Kein Anschlag, sondern Geldmacherei!
Außerdem sind noch mehrere von den Leuten die den Anschlag verübt haben sollen am Leben, 
wie soll das denn gehen? Und das mit dem Pentagon.... Nya, mir egal was die Ammis machen...


----------



## Thorrak Dun Morogh (23. Juli 2008)

Es war ein Anschlag.

Die Verschwörungstheorien sind absolut haltlos.


----------



## bl00ddr41ner (23. Juli 2008)

Anschlag.

kann mir einfach nicht vorstellen , das die U.S. so krank sind , um soetwas zu planen un inszenieren...obwohll , doch , garnicht mal so unwahrscheinlich :mhhh:

trotzdem , Anschlag.



> Außerdem sind noch mehrere von den Leuten die den Anschlag verübt haben sollen am Leben



o0 wer denn?


----------



## riesentrolli (23. Juli 2008)

ich finde so gut wie alle verschwörungstheorien zu 9/11 absolut lächerlich


----------



## Lurock (23. Juli 2008)

bl00ddr41ner schrieb:


> o0 wer denn?


Guck dir mal 'Zeitgeist' an.

Aber mir ists sowieso egal was die da machen, ich kann nichts dran ändern.
Warum sollt ich mich also damit beschäftigen?


----------



## mgh (23. Juli 2008)

riesentrolli schrieb:


> ich finde so gut wie alle verschwörungstheorien zu 9/11 absolut lächerlich



ich find den irak-krieg lächerlich ^-^ oder wo sind die massenvernichtungswaffen denn ?
aja die amis schrauben sie sich selbst an ihre flugzeuge und kommen erst später drauf das sie mit atomraketen herumfliegen^^

ich finde viele sachen auch lächerlich aber hast du ne 757 schonmal life gesehn ?
wenn die in nem wald einschlägt sieht man das !!

mfg
MGH


----------



## mgh (23. Juli 2008)

Lurock schrieb:


> Guck dir mal 'Zeitgeist' an.
> 
> Aber mir ists sowieso egal was die da machen, ich kann nichts dran ändern.
> Warum sollt ich mich also damit beschäftigen?


 sry doppelpost!!

kleine rechnung du bekommst von jedem wow spieler nen Euro ändert sich was bei dir ?
Vor nicht altzulanger zeit gabs nen vorfall stell dir vor da hätten alle gesagt ich kann nichts dran ändern lass die mal machen!
^-^
Es sind vl alles nur zufälle wie es sonstwo noch nie gab?!
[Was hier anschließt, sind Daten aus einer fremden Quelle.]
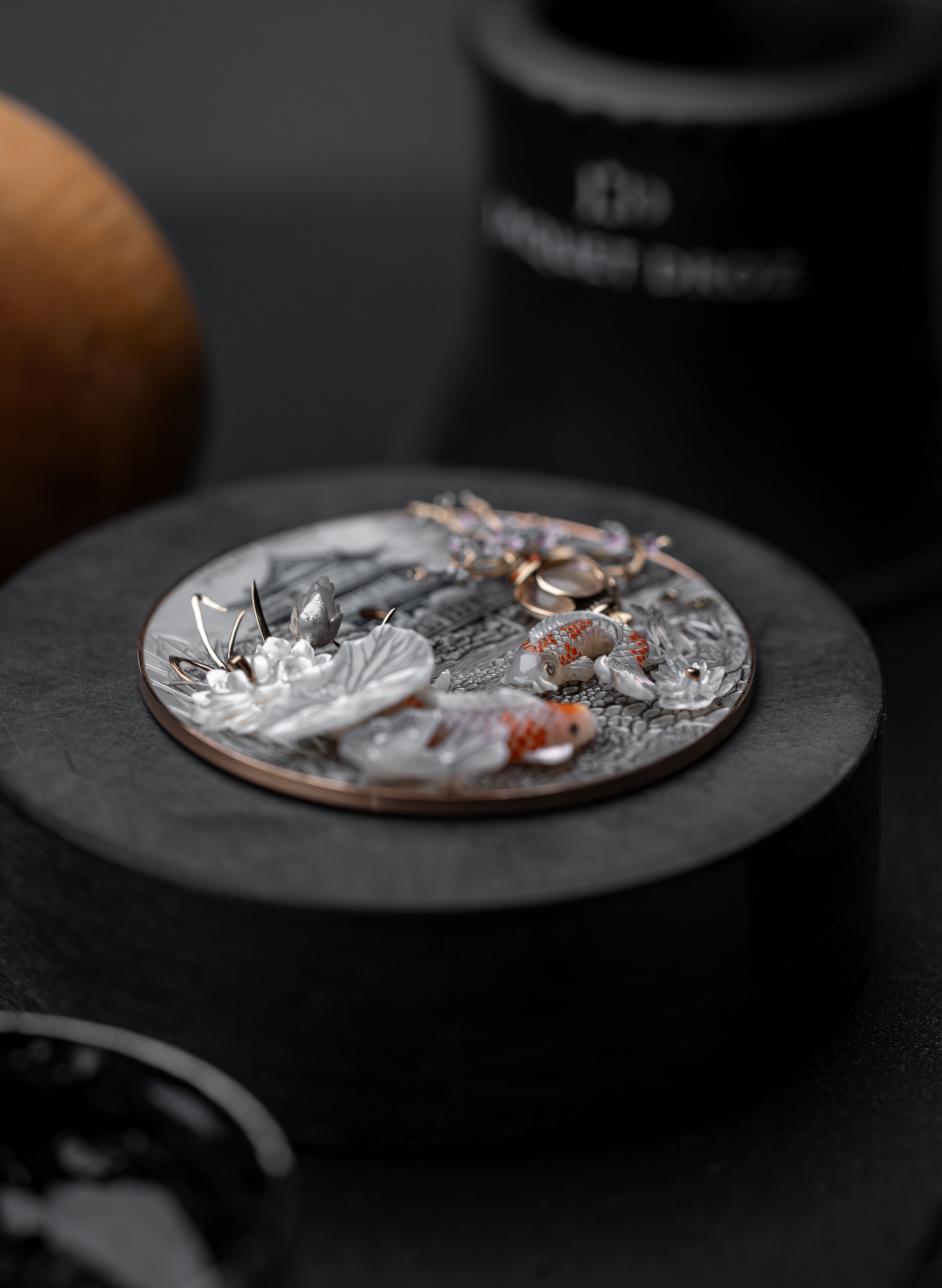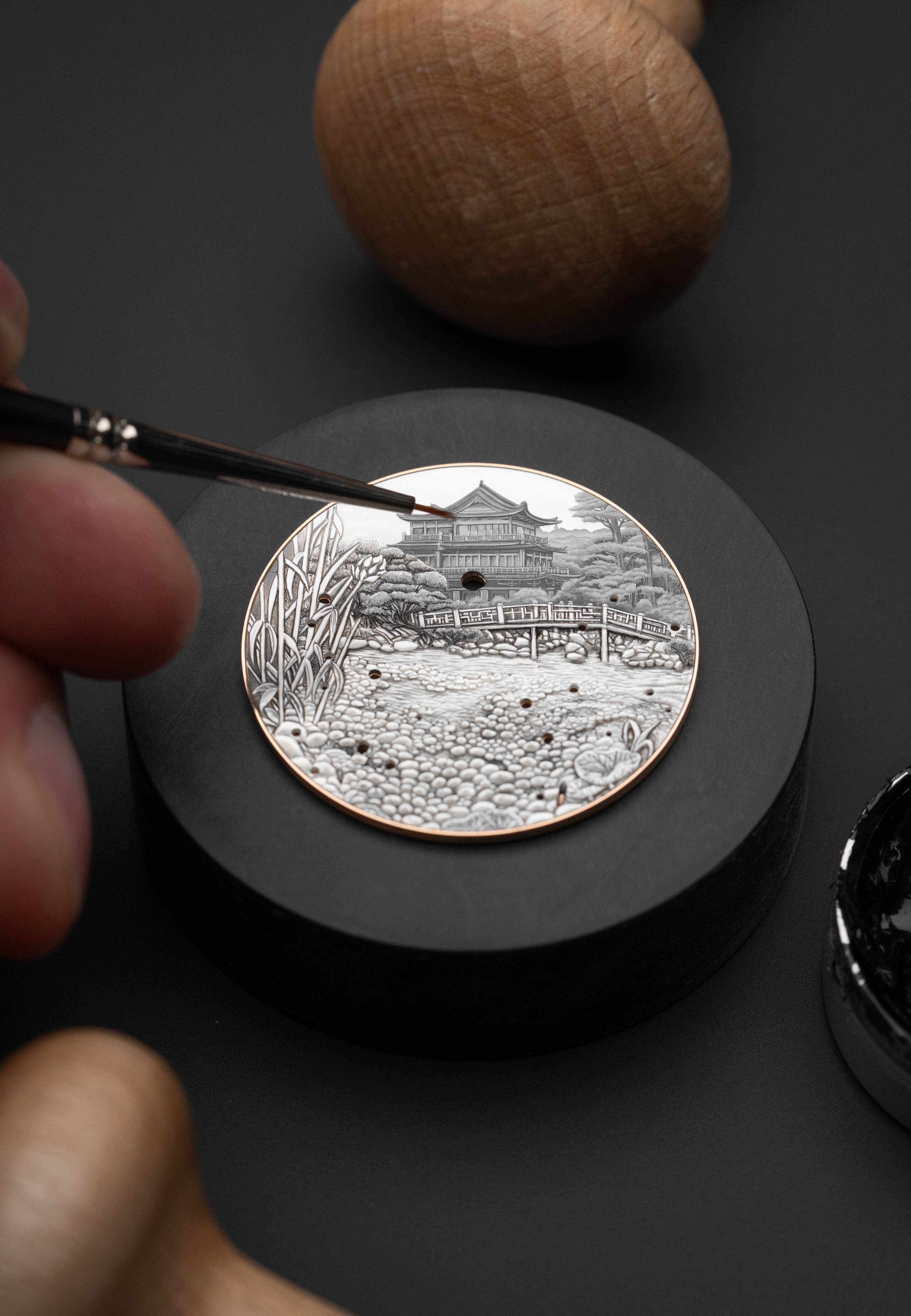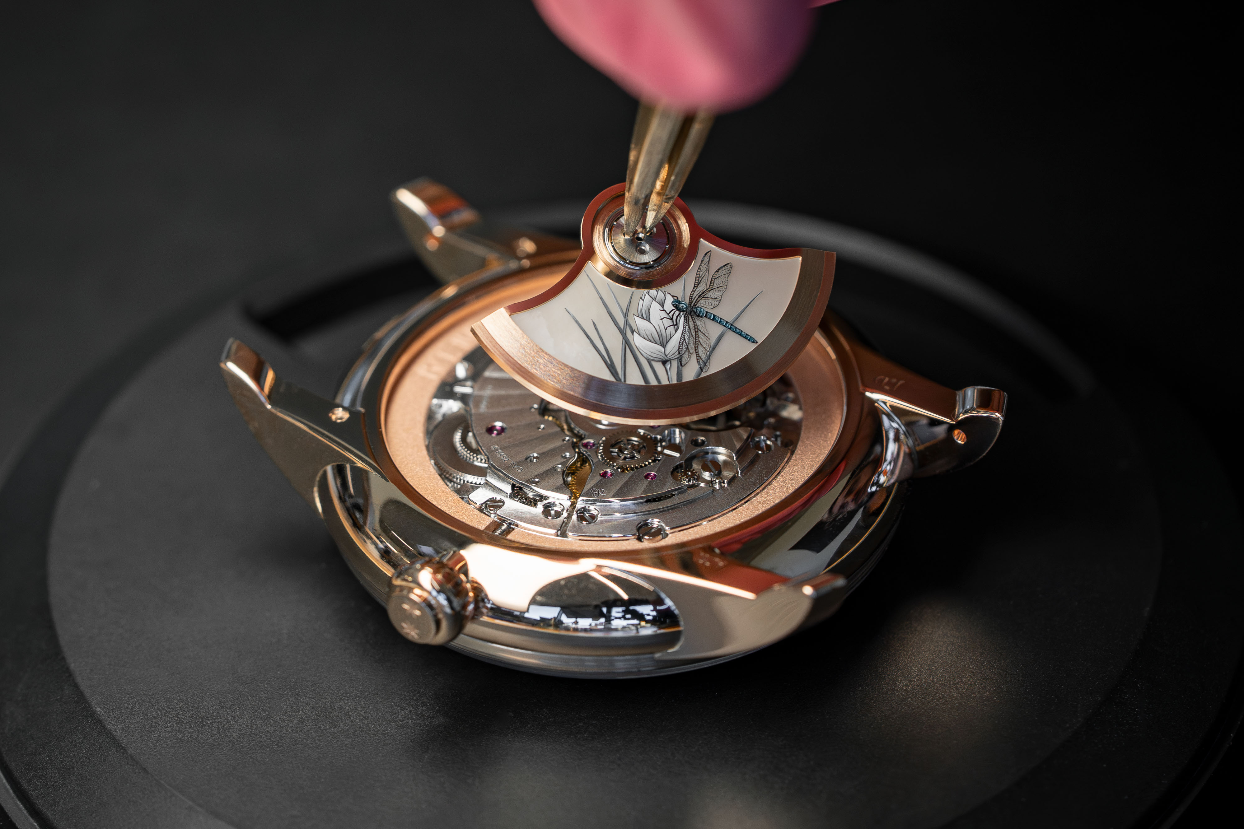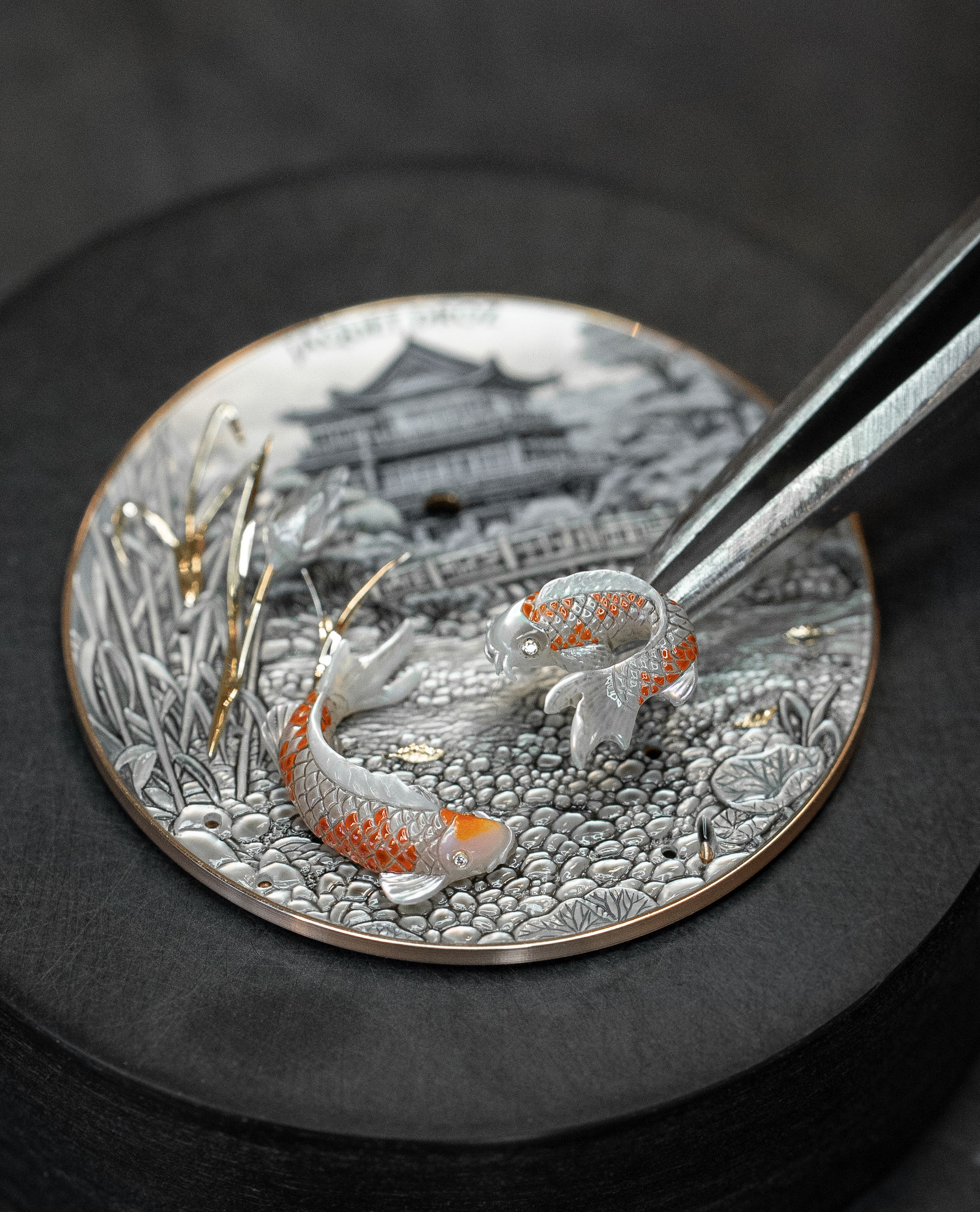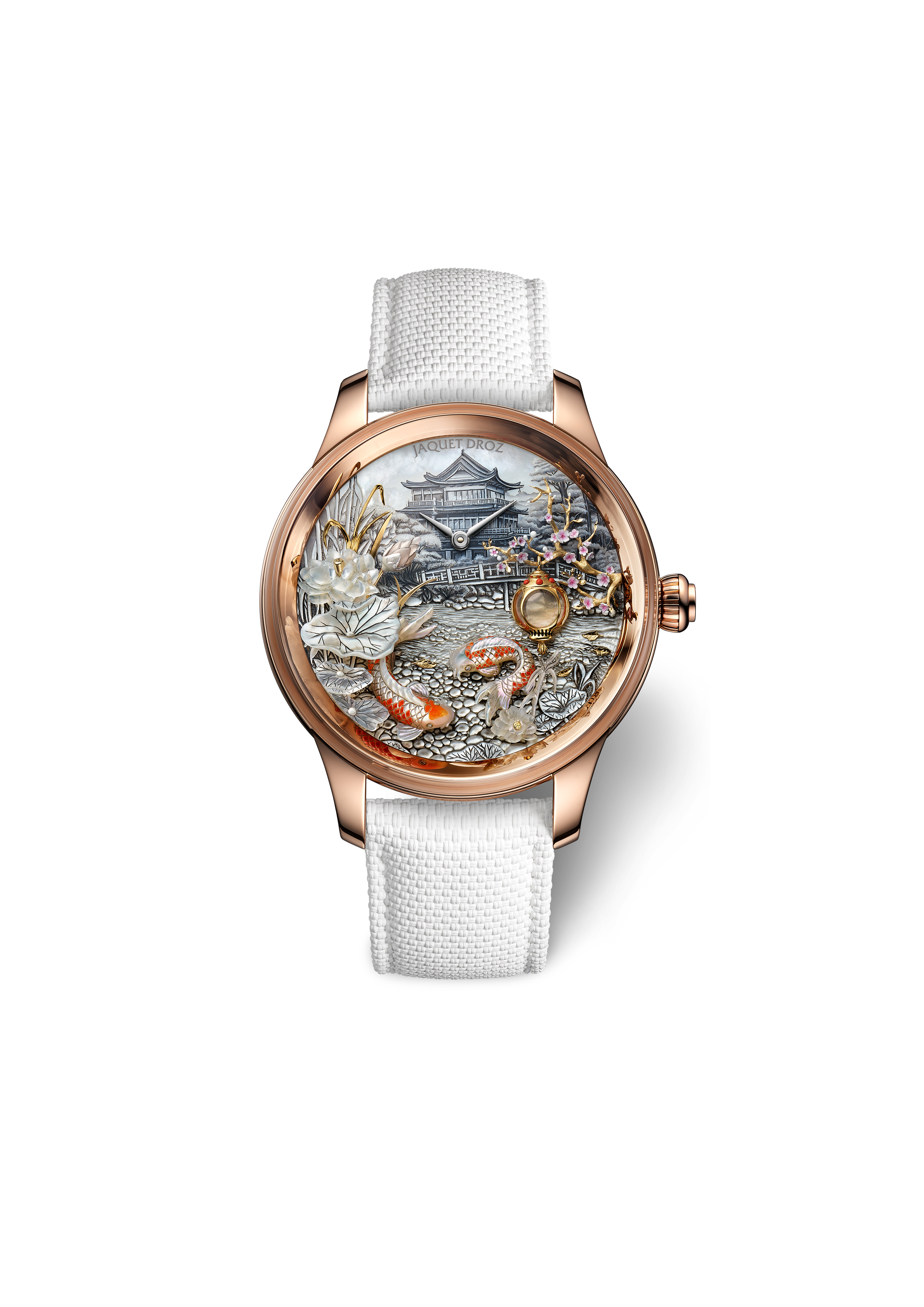 A unique piece created for and alongside a collector, the Petite Heure Minute Red Gold - Japanese Garden takes the art of mother-of-pearl engraving and carving to a whole new level. The dial and more than 20 appliques are crafted from this material, recreating the serenity of a living, three-dimensional space.

naja ich wollt nur sehn wie die allgemeinheit so denkt !
thx für eure beiträge

MGH

P.s.: sicher können noch leute leben die den anschlag *geplant* haben^^ 
        Die sitzen alle in Guantanamo /ironie off


----------



## dalai (24. Juli 2008)

mgh schrieb:


> Unter anderen Seltsame dinge auf dollarscheinen  "!!


Es gibt mehr seltsame Dinge auf Dollarscheinen, zum Beispiel steht auf der 1-Dollar Note neben dem obligaten "In god we trust" eine Pyramide mit dem allsehenden Auge drauf, und unter der Pyramide steht "Novus Ordo Seclorum", was frei übersetzt "neue Weltordnung" heissen soll. "Novus Ordo Seclorum" steht für eine neue Weltordnung ohne Religion. Das ist jedoch die Verschwörungtheorie, "neue Weltordnung" heisst übersetzt „Novus ordo mundi“ 


			Dieser Inhalt steht nur eingeloggten Mitgliedern zur Verfügung.


----------



## riesentrolli (24. Juli 2008)

mgh schrieb:


> ich find den irak-krieg lächerlich ^-^ oder wo sind die massenvernichtungswaffen denn ?
> [...]


es war eine lüge, wegen der der 3. golfkrieg geführt wurde. das steht fest und habe ich nie bezweifelt. aber was hat das jetz mit 9/11 und den ganzen verschwörungstheorien zu tun?


mgh schrieb:


> [...]
> aja die amis schrauben sie sich selbst an ihre flugzeuge und kommen erst später drauf das sie mit atomraketen herumfliegen^^
> [...]


muss ich diesen satz verstehen?


mgh schrieb:


> [...]
> ich finde viele sachen auch lächerlich aber hast du ne 757 schonmal life gesehn ?
> wenn die in nem wald einschlägt sieht man das !!
> 
> ...


kann sein, dass ich schon mal eine gesehen hab.
und wenn die in nen wald einschlägt, ist es gut möglich, dass man sieht. aber was hat das jetz mit dem thema zu tun?


----------



## dalai (24. Juli 2008)

Ironischerweise hat die USA die Taliban 1994 im afganischen Bürgerkrieg unterstützt 


			Dieser Inhalt steht nur eingeloggten Mitgliedern zur Verfügung.


----------



## mofsens (24. Juli 2008)

da hat jmd wohl fahrenheit 911 gesehen und meint nen experte zu sein xD


----------



## WestIce (24. Juli 2008)

riesentrolli schrieb:


> kann sein, dass ich schon mal eine gesehen hab.
> und wenn die in nen wald einschlägt, ist es gut möglich, dass man sieht. aber was hat das jetz mit dem thema zu tun?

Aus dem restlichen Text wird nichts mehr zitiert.